• U.S.

Sport: MANHATTAN TO MOSCOW

4 minute read
TIME

TRACK and field stars traditionally take it easy the year after the Olympics. Not in 1961. New marks have been set at almost every meet as U.S. trackmen have raced through the spring, scrambling for a place on the team that takes off next month for a competitive tour of Europe and Russia. Tickets for the big trip will go to the top two men in each event at next week’s A.A.U. championships in New York. There, and at the N.C.A.A. championships this week in Philadelphia, athletes from across the country promise to tear the record book to tatters. The top events:

100-Yd. Dash. So far this season, four men—San Jose State’s Dennis Johnson, Villanova’s Frank Budd, Oregon’s Harry Jerome, Florida A. & M.’s Bob Hayes—have equaled Mel Patton’s 13-year-old. 9.3-sec. record. Somewhere between Manhattan and Moscow, one of the quartet may well set a new mark. Best prospect: Johnson, a sinewy Jamaican sprinter who has already been clocked in 9.2 sec. while running ahead of a helpful tail wind.

One-Mile Run. The U.S. has only two better-than-four-minute milers: Oregon’s rangy Dyrol Burleson, who shaved .2 sec. from Herb Elliott’s American record with a 3:57.6-min. mile last month, and stubby Jim Beatty of Santa Clara (Calif.) Youth Village, whose best effort is 3:58. Each time the two have met, Beatty has won. Betting is high that they may soon push each other close to Australian Elliott’s world record (3:54.5).

High Jump. Boston University’s erratic John Thomas is sometimes at his best, sometimes at his worst when the competition is close. It will be closer than ever at both the N.C.A.A. and the A.A.U. meets. Southern California’s Bob Avant became the eighth 7 ft. high jumper on record in the Mt. San Antonio Relays last April in Walnut, Calif., when he scraped over the bar at an even 7 ft. Thomas, whose best jump this season is 7 ft. 2 in., was pressed hard by Avant at the Compton (Calif.) Invitational fort night ago, won at 6 ft. 10 in. only because he missed fewer times.

Pole Vault. Olympic Champion Don Bragg has a new world mark to shoot at. Oklahoma State’s George Davies bettered Bragg’s record by a full inch with a 15-ft. 10¼-in. performance last month in Boulder, Colo. Both men are sure to soar still higher.

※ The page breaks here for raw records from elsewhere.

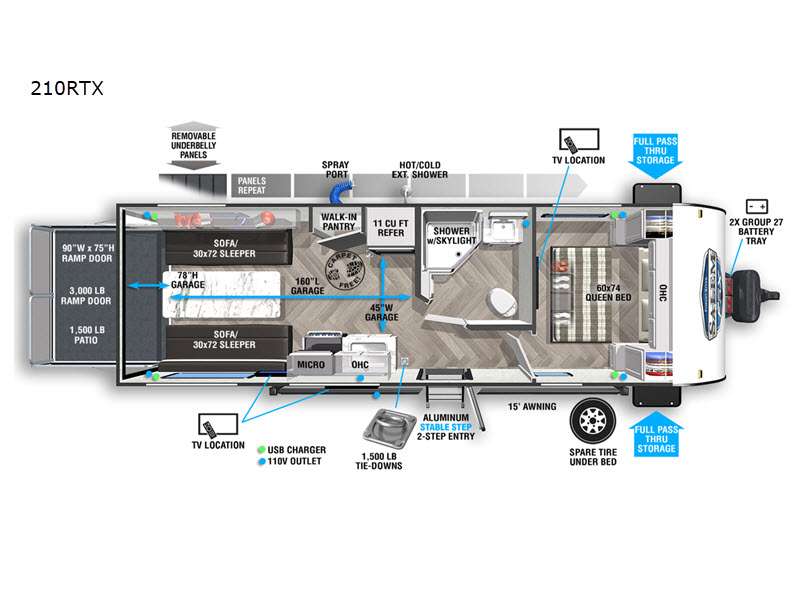 Forest River Salem FSX Platinum Edition toy hauler 210RTX highlights:
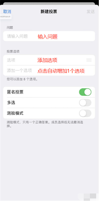 2、选择「投票」,这时候你会看到可以输入问题、添加选项的地方。顺便还能选匿名投票、多选,甚至有测试模式。
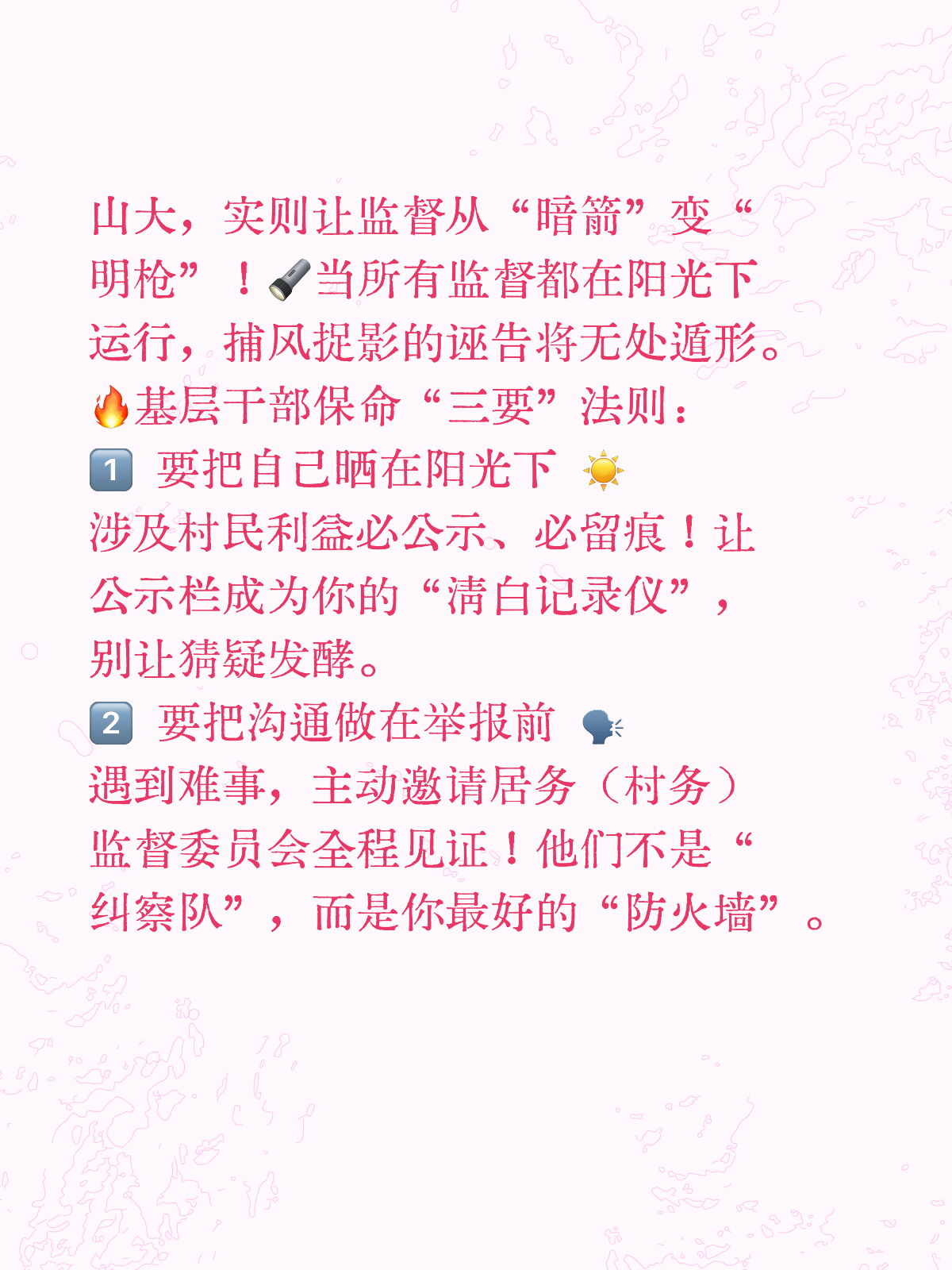 新《监察法实施条例》第21条引发基层关注,杭州留置律师钱小琴深度解读如何将群众监督转化为干部护身符。文章剖析“基层监督整合”核心逻辑,提出“阳光公示、事前沟通、证据留痕”三大实战策略,帮助基层干部消除顾虑,规范履职,在法治阳光下坦荡前行。精炼要点供快速阅读,完整版干货已发布在我账号的同系列视频中,点击头像进入主页查看,欢迎大家在评论区留言讨论。#留置律师#钱小琴律师#杭州律师#刑事辩护#职务犯罪#没有解决不了的问题#多学法律少吃亏#留置陪跑#法律咨询#省城律师#纪检监察#风险防范

Broad Jump. Nobody will be pushing versatile Ralph Boston very hard, but nobody has to. Just two weeks ago, the Tennessee State senior, competing in the high hurdles, the low hurdles, the high jump, the hop, step and jump, as well as the broad jump, ran up his school’s entire total of 47 points at the N.A.I.A. championships, was shaded by only 2 points by Texas Southern’s title-winning track team. Boston, who generally has to wait until Tennessee State’s girls (most notably Olympic Triple Gold Medal Winner Wilma Rudolph) finish training before he can use the track, and gets up at 6 a.m. on Sundays to work out, set two world broad-jump marks this season: indoors, with a 26 ft. 6-in. leap; outdoors, with a 27-ft. ½in. effort.

Shotput. With World Record Holder Bill Nieder no longer competing, the battle of the behemoths co-stars Veteran Parry O’Brien and Southern Cal’s 260-lb. Dallas Long. With a 64-ft. 7¼-in. heave last week. Long has come closest this year to Nieder’s 65-ft. 10-in. record.

Discus. California’s Rink Babka is anxious to make the Europe-bound U.S. team so that he can have it out with Poland’s Edmund Piatkowski, with whom he shares the world record of 196 ft. 6½ in. Babka should have no trouble, although he could be edged by 1960 Olympic Champion Al Oerter or Army Lieut. Jay Silvester, a fast-improving field man whose record-breaking throw of 198 ft. ½-in. at the Compton Invitational was disqualified because he lost his balance, stepped out of the ring by a fraction of an inch. Silvester’s second best throw this season: 194 ft. 1½-in.